Turkish media say police have carried out raids in six Turkish cities, detaining several people allegedly linked to al-Qaeda, including an employee of a prominent Islamic charity behind a flotilla that tried to bust the Gaza blockade in 2010.
The aid organization, the Humanitarian Relief Foundation, confirmed Tuesday that its storage facility near the Syrian border was searched and an employee was detained. It, however, denied any ties to al-Qaeda and denounced the police raid as an attempt to discredit the organization.
At least three people were detained in the raids, which started at the crack of dawn, Hurriyet Daily News reported. An IHH representative told the paper that the police confiscated all their computers and thoroughly searched their office.
The IHH was the main backer of a 2010 flotilla that tried to break Israel’s blockade on Gaza. An Israeli commando raid on the ship, intercepting it after it refused to change course, prompted a melee in which nine Turks were killed and several Israeli soldiers injured. The incident put ties between Israel and Turkey on ice and gave Jerusalem a black eye in the international arena.

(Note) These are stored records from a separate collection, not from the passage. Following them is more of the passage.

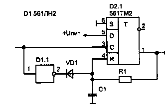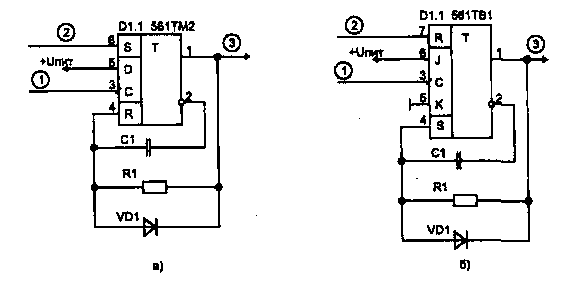 Длительность подаваемых на вход S запускающих импульсов должна быть меньше формируемого (режим, когда на входах S и R одновременно присутствует лог. "1", является запрещенным). На входе С длительность запускающего импульса может быть любой. Диод VD1 ускоряет разряд конденсатора через выход триггера и позволяет увеличить частоту запускающих импульсов (его применение уменьшает время восстановления схемы). Длительность формируемых им пульсов составляет приблизительно tи=0,69R1C1. Минимальное значение сопротивления R1 ограничено максимально допустимым выходным током триггера Его можно менять в пределах 20 кОм...10 МОм, при этом длительность импульса будет меняться в 500 раз. Одновременное изменение значений R1 и С1 позволяет регулировать длительности импульсов в пределах четырех порядков.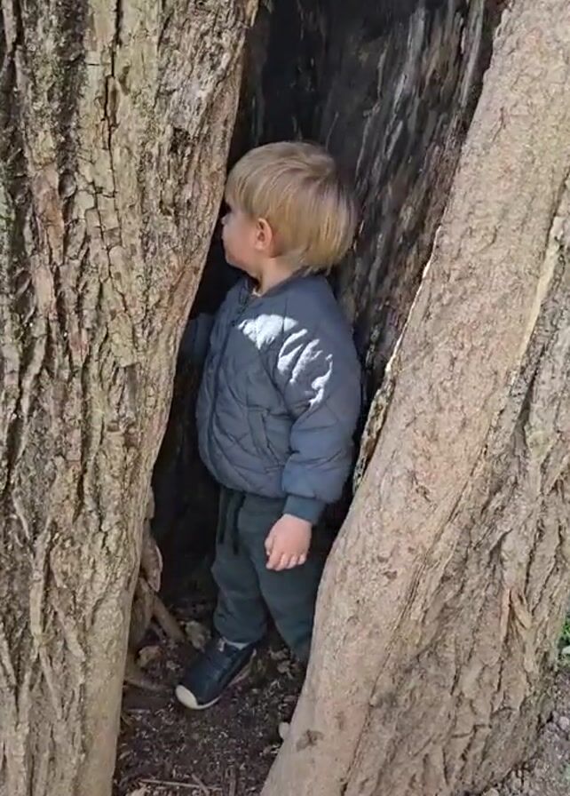 A toddler with blonde hair wearing a gray quilted jacket, dark green pants, and dark shoes is standing inside the split trunk of a large tree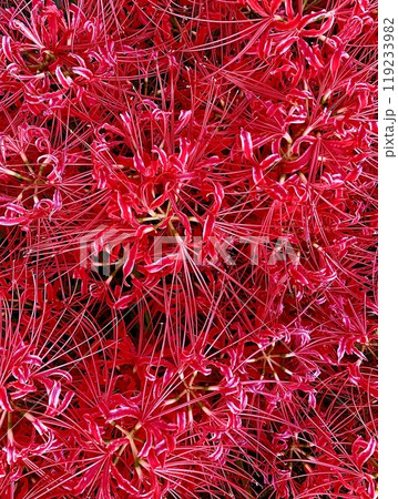 土手の斜面に咲き誇る彼岸花(クローズアップ)〈矢勝川堤/愛知県半田市〉
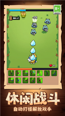 游戏包含挂机玩法元素,玩家可通过合并方式获取新英雄角色。操作设计简单易上手,玩家能轻松突破自身极限挑战。采用俯视视角,角色可自动攻击,玩家可自由选择难度级别。玩家还能提升角色等级,快速应对各种敌人,并激发角色的潜在能力。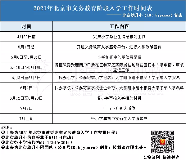 2021幼升小的家长注意,北京幼升小网团队整理了北京市入学时间表,各位家长可对照准备,预祝每位孩子顺利入学!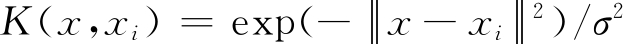 本文选择收敛与学习速度较快、非线性映射能力强的径向基函数[13]作为核函数:
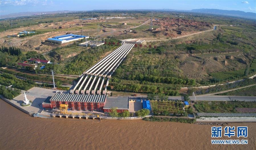 黃河青銅峽水利樞紐工程(9月1日無人機拍攝)。新華社記者劉詩平攝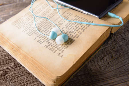 Headphones and mobile phone on the old book. Concept of listening to audiobooks.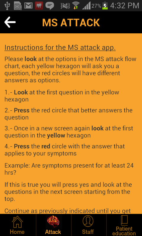 The most comprehensive MS Attack App in the market to aid multiple sclerosis patients learn about MS symptoms and how these symptoms may present during an MS attack.
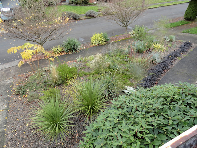 Here he’s captured the front garden, all but the large planting area against the house where the Bishop’s Weed used to be (on the right side of the sidewalk where you can't see). The space is actually a little bit larger than it looks, since the slope down to the street is all but lost from this angle.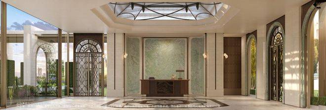 社区主入口复刻华尔道夫酒店仪式,严谨的柱廊序列在米色石材上投下充满韵律的光影,穹顶与拱券,瞬间将归家情绪升华至艺术层面。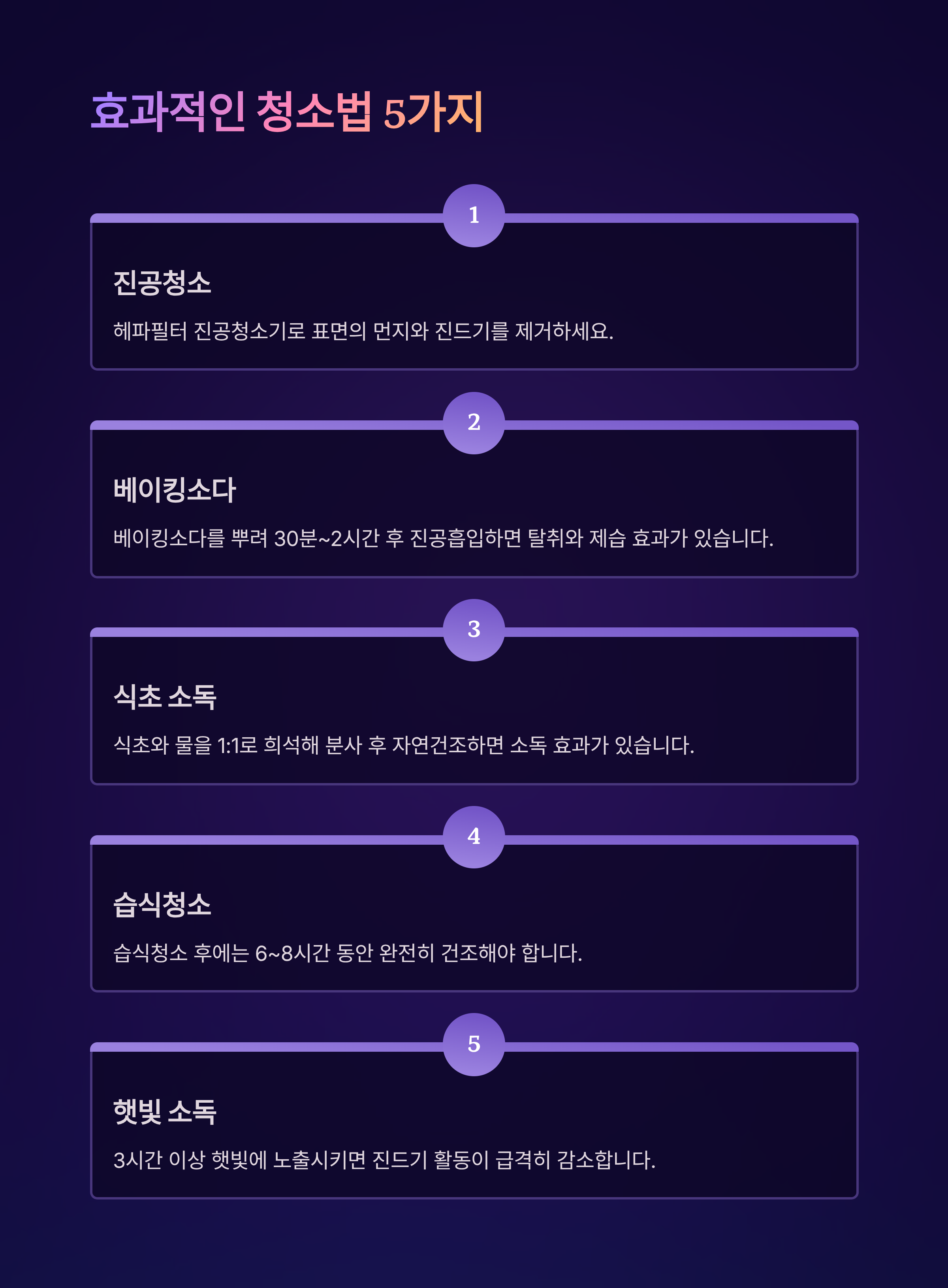 - 청소기를 이용하여 매주 먼지와 진드기 제거하기

In their Twitter feed, the IHH said the Turkish police raid was a “dirty operation” and that it was “very meaningful” that it was carried out after what it claimed was a statement last week by Israeli Foreign Minister Avigdor Liberman, who, according to the IHH, said the organization was “the biggest danger to Israel.”
Last week, the group rejected some news reports claiming that it was involved in a shipment of arms to Syria.